2.1 Feature extraction module

2.1.1 Visual modality

Data Pre-processing: In the preprocessing stage for the visual modality, the video data is first converted into an image sequence. A self-trained UltraFace model is then applied to detect and extract facial images. Additionally, the PFLD face keypoint detector is used to identify 113 facial keypoints.

Model Architecture: This paper introduces three primary visual feature extraction methods: local static facial appearance features, facial geometric features, and scene appearance features.

Local Facial Appearance and Geometric Features Based on CNN and GCN Models: We introduce a Geo two-stream network that leverages CNN and GCN models to extract both facial appearance and geometric features from static facial images, as depicted in Figure 2.

Figure 2 Local Static Facial Appearance and Geometric Features Based on CNN and GCN Architectures. Framework for extracting local static facial appearance and geometric features using CNN and GCN architectures. The input static facial image is processed along two branches: (1) a CNN-based network (top pathway) extracts texture features such as skin, wrinkles, and local appearance cues using convolutional and attention modules; (2) a GCN-based module (bottom pathway) processes facial keypoints and their geometric relationships. Facial landmarks are encoded as graphs to capture the spatial structure of facial components. Outputs from both branches are concatenated to form a comprehensive static facial feature representation.

The Geo network comprises two parallel streams: one dedicated to facial appearance and the other to facial geometry. The facial appearance image is fed into a static facial appearance CNN stream, which extracts local facial appearance features. This stream consists of three convolutional modules, enhanced by an attention mechanism (SA module), which helps the CNN model focus on salient facial regions associated with personality traits.
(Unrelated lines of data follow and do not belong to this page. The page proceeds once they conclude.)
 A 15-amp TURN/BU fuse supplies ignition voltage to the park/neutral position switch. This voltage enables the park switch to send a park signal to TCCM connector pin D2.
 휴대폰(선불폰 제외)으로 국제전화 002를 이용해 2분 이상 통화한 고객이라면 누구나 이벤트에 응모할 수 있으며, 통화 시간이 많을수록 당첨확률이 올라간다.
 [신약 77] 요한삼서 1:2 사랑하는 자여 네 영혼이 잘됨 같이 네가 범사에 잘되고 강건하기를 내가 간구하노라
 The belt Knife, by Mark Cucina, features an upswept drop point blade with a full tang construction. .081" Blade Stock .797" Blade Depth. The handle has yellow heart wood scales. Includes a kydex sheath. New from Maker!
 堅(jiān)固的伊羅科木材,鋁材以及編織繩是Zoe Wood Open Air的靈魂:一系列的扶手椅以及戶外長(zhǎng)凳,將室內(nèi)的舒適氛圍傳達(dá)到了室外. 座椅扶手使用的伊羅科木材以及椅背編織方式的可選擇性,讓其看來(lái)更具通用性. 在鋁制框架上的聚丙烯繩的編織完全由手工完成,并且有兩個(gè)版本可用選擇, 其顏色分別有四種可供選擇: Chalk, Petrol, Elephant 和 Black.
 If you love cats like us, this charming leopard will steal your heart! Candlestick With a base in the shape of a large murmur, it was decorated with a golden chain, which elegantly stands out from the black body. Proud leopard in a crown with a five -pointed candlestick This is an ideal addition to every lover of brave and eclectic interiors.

The facial geometric GCN stream integrates both CNN and GCN models. The CNN model processes local image patches around facial keypoints to extract localized appearance features, while the GCN model is responsible for capturing geometric structural features based on keypoint relationships. Specifically, the GCN module operates on a graph representation, denoted as $G(R,E)$ ,

F_{geo}=G(R,E)

where $R$ represents the relative coordinate sets of keypoints, and $E$ defines the edge connections. The formulation is as follows:

H^{(l+1)}=\sigma\left(D^{-1/2}AD^{-1/2}H^{(l)}W^{(l)}\right)
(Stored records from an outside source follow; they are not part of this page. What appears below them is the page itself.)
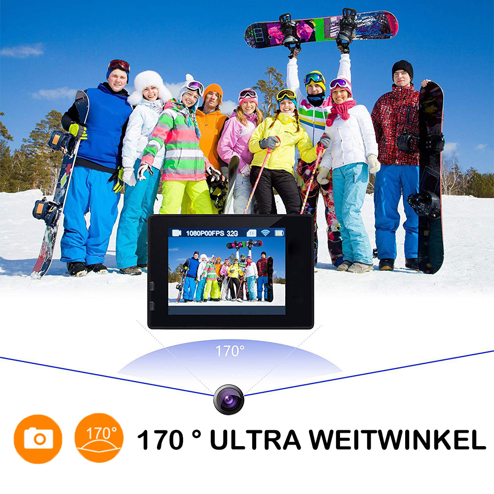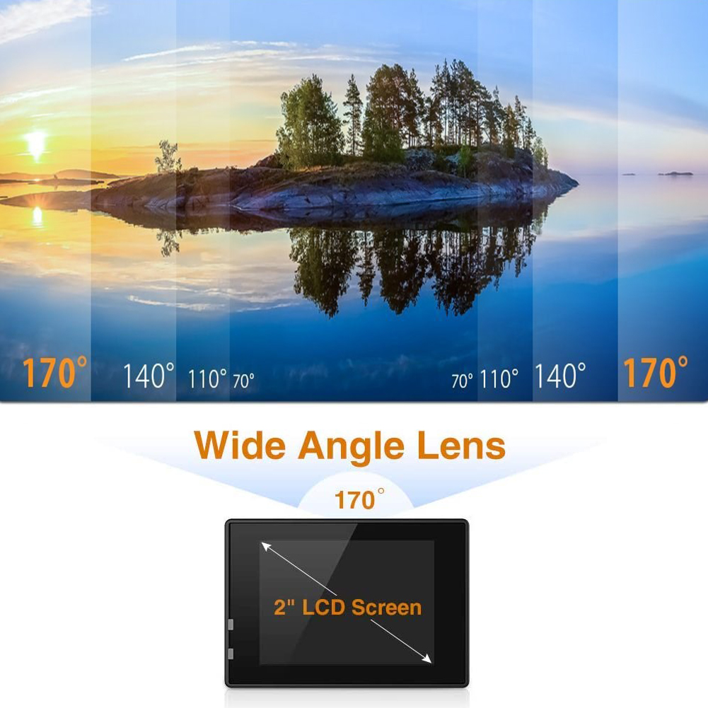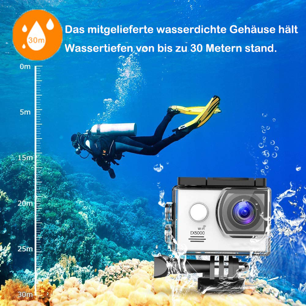 DBPOWER EX5000 Action Camera equipped with FHD 1080p 30pfs 14MP to ensures a most real time record for your actions sports such as diving, biking, Skiing or climbing etc. 2 rechargeable batteries included: Extend the play time from 80 minutes to 140 minutes never afraid that the power will go off while watching your favorite movie. Ultra 170 degree Wide Angle Glass Fisheye Lens: It allows you to capture more of yourself and your surroundings, ultra captivating footage of every adventure. Built In WIFI: Just download the App on your phone or tablet and connect with the WIFI name of the camera. Then you can operate or review the images or videos via Android or iOS device. Durable and Waterproof: The Water Resistant Case provides water protection up to 30m depth. The DBPOWER Action Camera is designed to withstand extreme environmental conditions. Wearable and Mountable: Compatible with GoPro Hero/SJCAM Mounts The DBPOWER Action Camera helps capture a wide variety of activities. Application: It can be used for extreme sports, outdoor sports, security devices, recording your car driving, etc. What You Get: 1x DBPOWER EX5000Action Camera, 1x Waterproof Case, 1x Waterproof Case Clip 1x Multi-Function Clip, 1x Bicycle Mount, 1x Camera Clip 1x Helmet Mount, 3x Belts, 1x Wiper,2x 3M Stickers 1x USB Cable, 1x User Manual, 2x Batteries Note: 1.Micro SD card with at least 16GB class 10 speed rating is required, 32GB is recommended. 2. When use action cam at first time, pls make it fully charged for long lifespan.
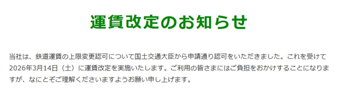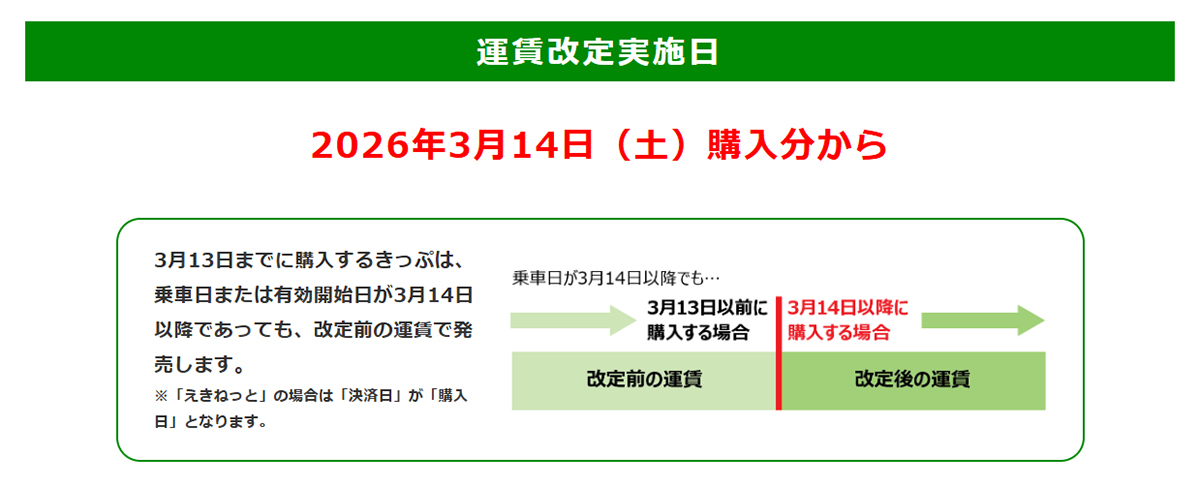 つまり、仮に2026年3月14日(土)以降乗車分だったとしても、
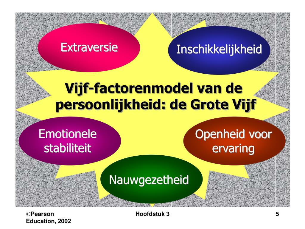 Emotionele stabiliteit Nauwgezetheid Extraversie Inschikkelijkheid Vijf-factorenmodel van de persoonlijkheid: de Grote Vijf Openheid voor ervaring Hoofdstuk 3
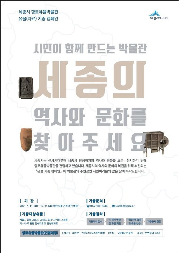 기증 대상은 선사시대부터 근현대까지 세종시 관련 유물·자료 일체로 고문서, 고지도, 토기·자기류, 서화류, 미술·공예품, 민속자료 등이며 개인·단체 누구나 참여할 수 있다.
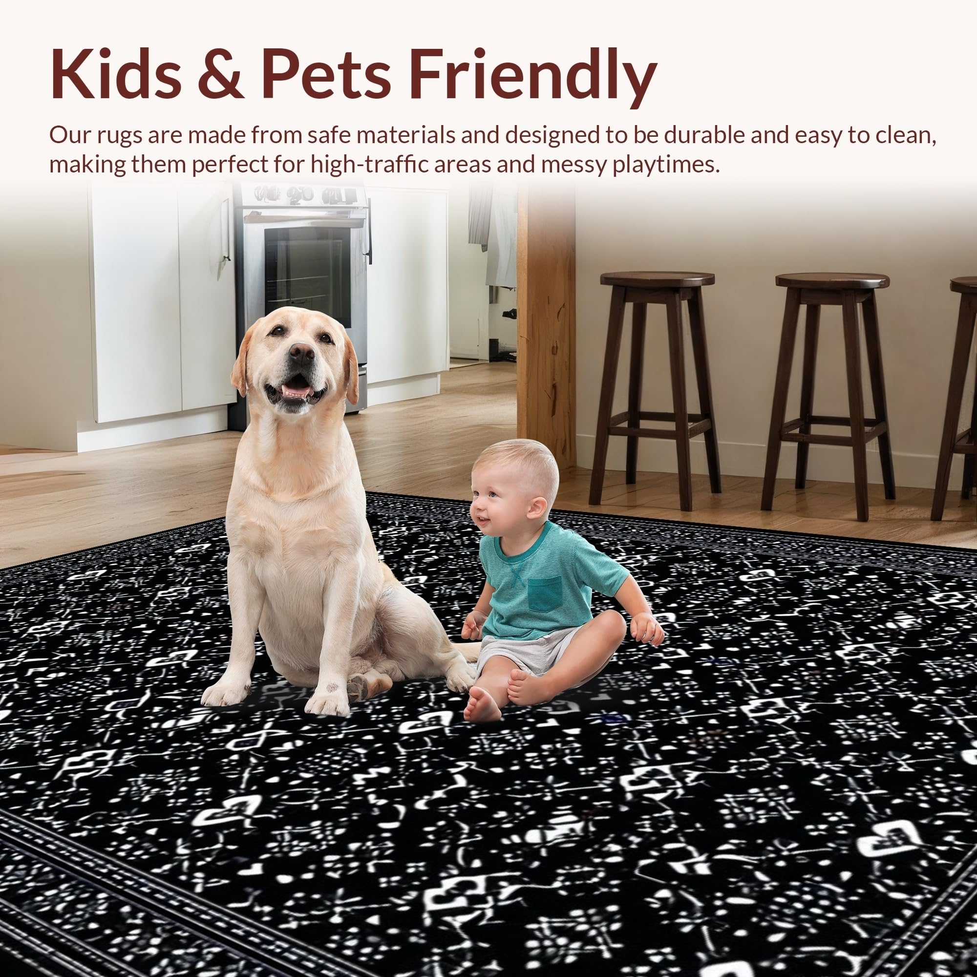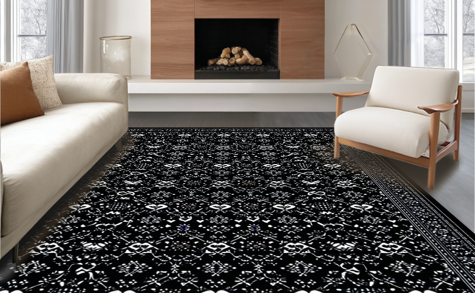Ultra Soft Area Rug, Non Slip, Stain Resistant, Washable Area Rugs for Living Room, Bedroom, Cozy Textured Love Symbol(Black) Overview:

where $H^{(l)}$ is the node feature matrix at layer $l$ , $A$ is the adjacency matrix, $D$ is the degree matrix, $W^{(l)}$ is the trainable weight matrix, and $\sigma$ represents the activation function.

Here, $F_{geo}$ represents the geometric feature representation of the facial keypoints, which is the output of $G(R,E)$ . Specifically, $F_{geo}\in\mathbb{R}^{d_{1}\times P}$ denotes that each keypoint is represented by a feature of dimension $d_{1}$ after being processed by the GCN module, where $P$ corresponds to the total number of facial keypoints, set as $P=113$ . The same notation is consistently used in the following sections.

To enrich node features in the GCN stream, local appearance information from keypoints is incorporated as a supplementary descriptor. Specifically, for each keypoint in the static facial image, a local image patch is extracted, forming a set of local images:

V=\{V\in\mathbb{R}^{h\times w\times P}\},

where $h$ and $w$ denote the height and width of each local patch, both set to 48.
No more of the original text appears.